The data »
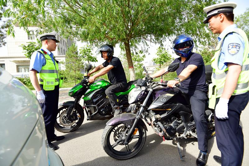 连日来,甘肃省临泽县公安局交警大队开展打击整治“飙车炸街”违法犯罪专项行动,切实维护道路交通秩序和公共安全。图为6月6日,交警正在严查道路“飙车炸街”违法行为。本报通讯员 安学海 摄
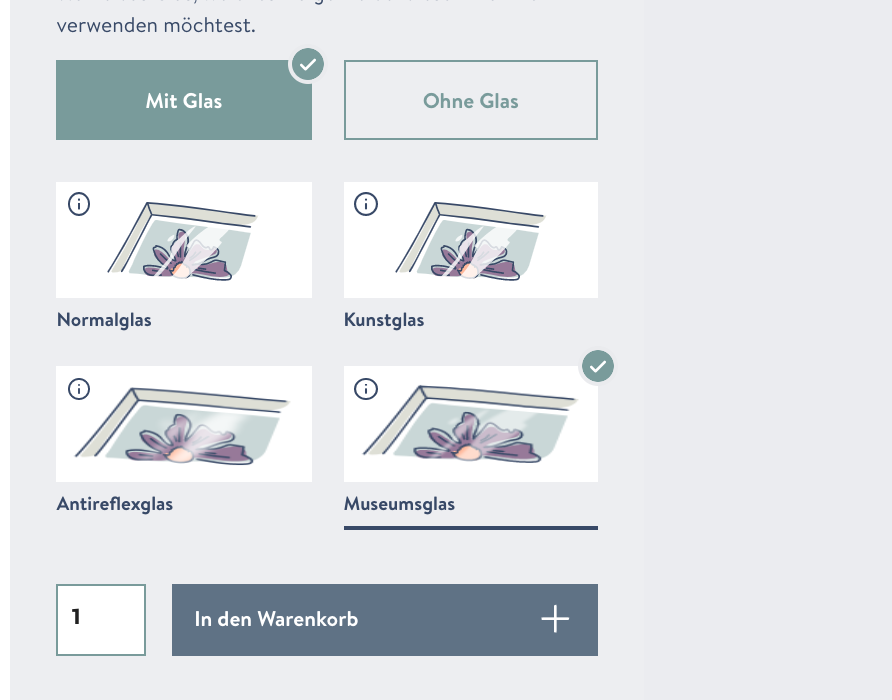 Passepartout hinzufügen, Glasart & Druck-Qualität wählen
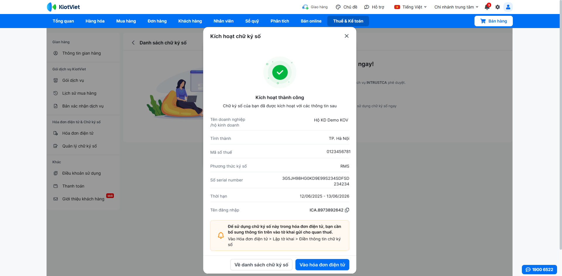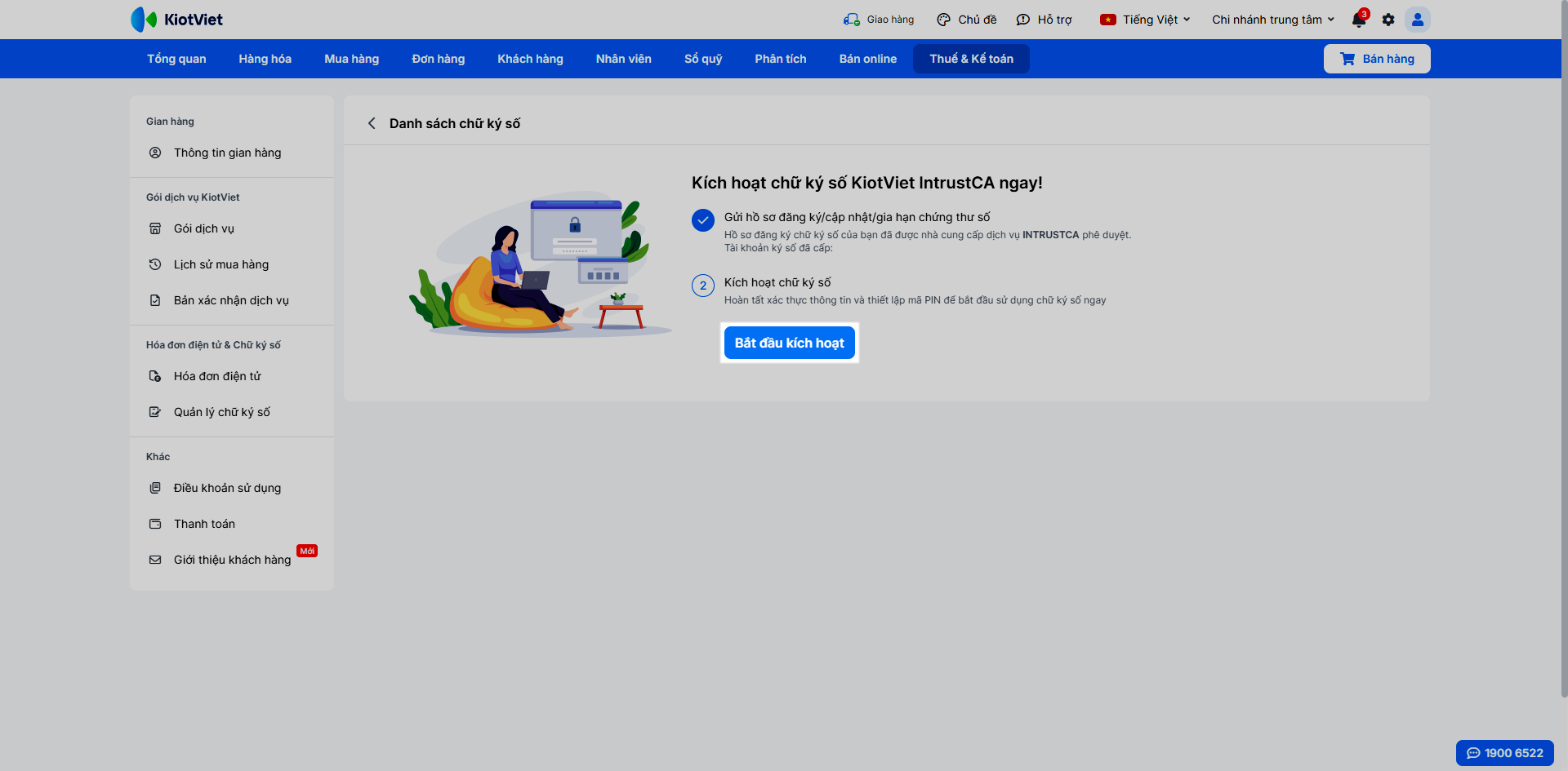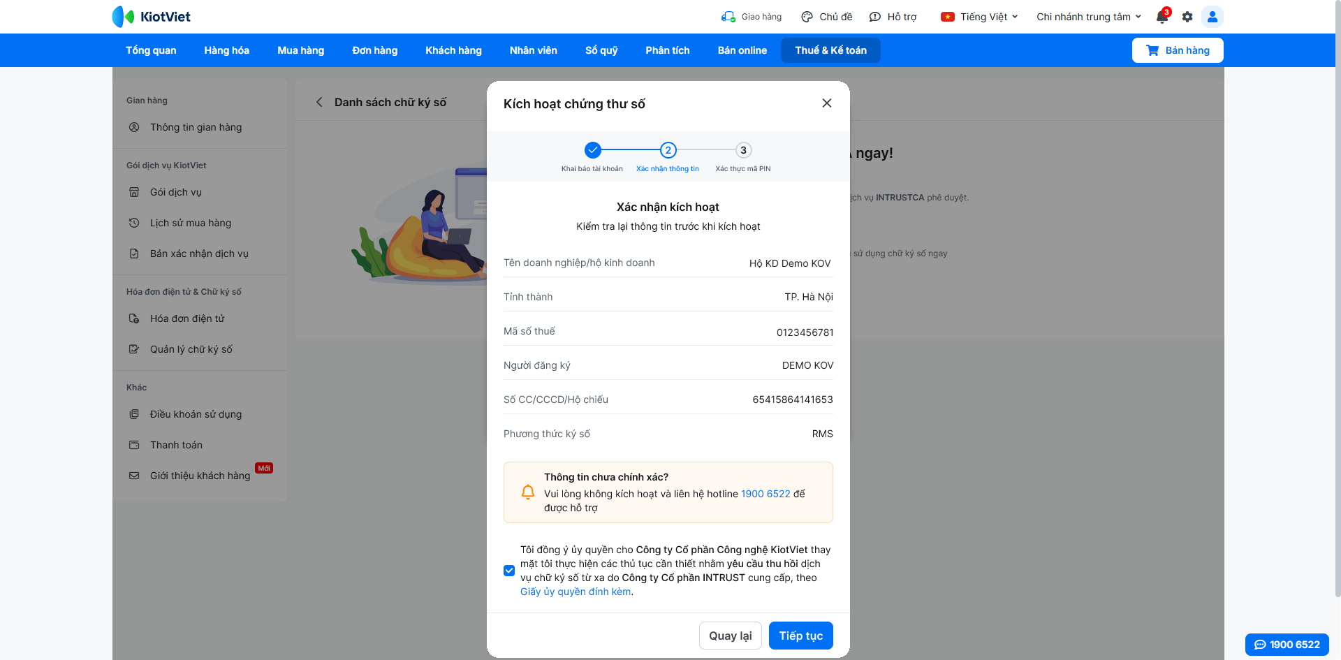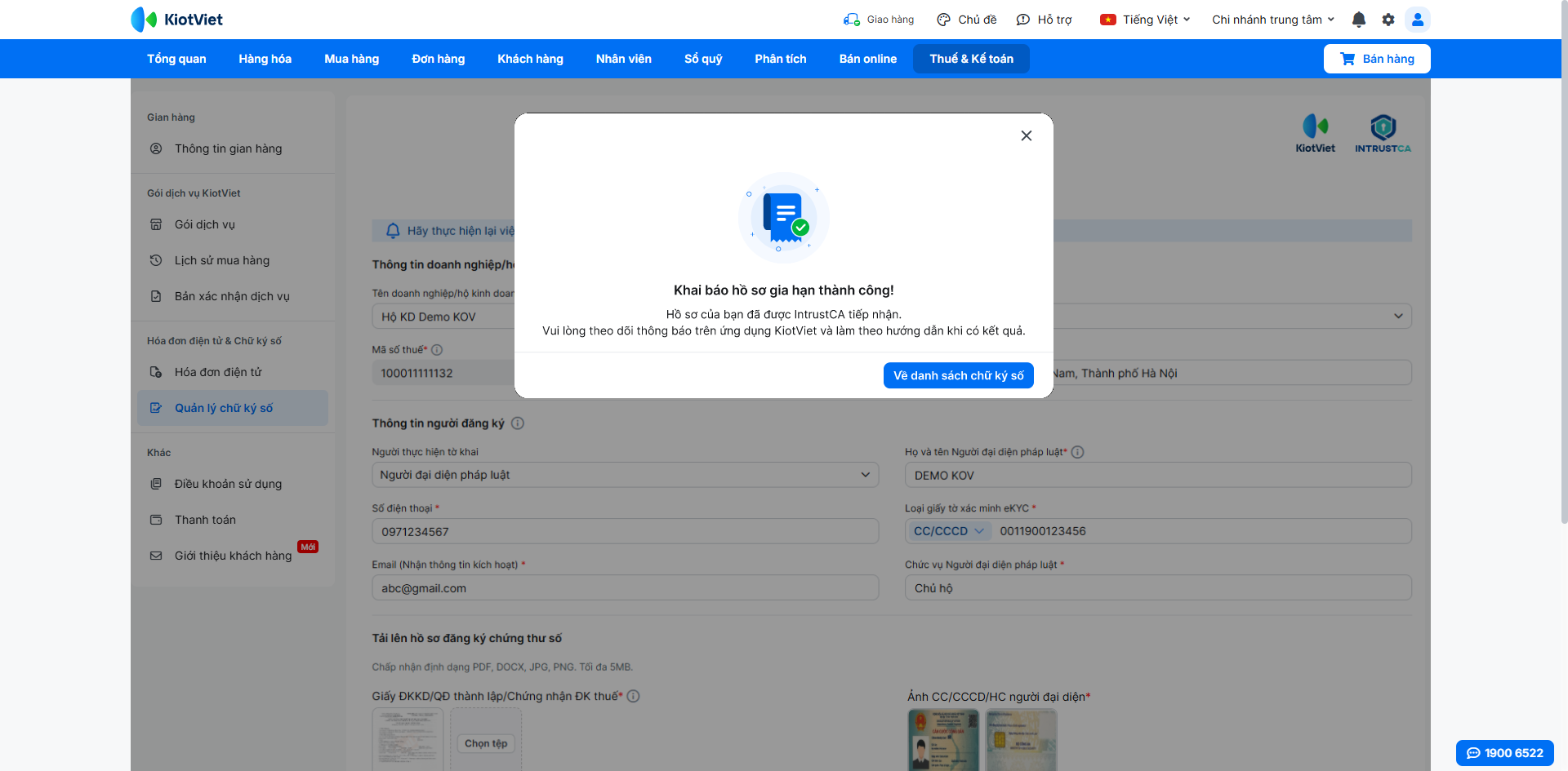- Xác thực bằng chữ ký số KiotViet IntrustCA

Instructions for the task »
Go through the material above and repeat it exactly. Omit the pictures.

Problem solution »
 连日来,甘肃省临泽县公安局交警大队开展打击整治“飙车炸街”违法犯罪专项行动,切实维护道路交通秩序和公共安全。图为6月6日,交警正在严查道路“飙车炸街”违法行为。本报通讯员 安学海 摄
 Passepartout hinzufügen, Glasart & Druck-Qualität wählen
- Xác thực bằng chữ ký số KiotViet IntrustCA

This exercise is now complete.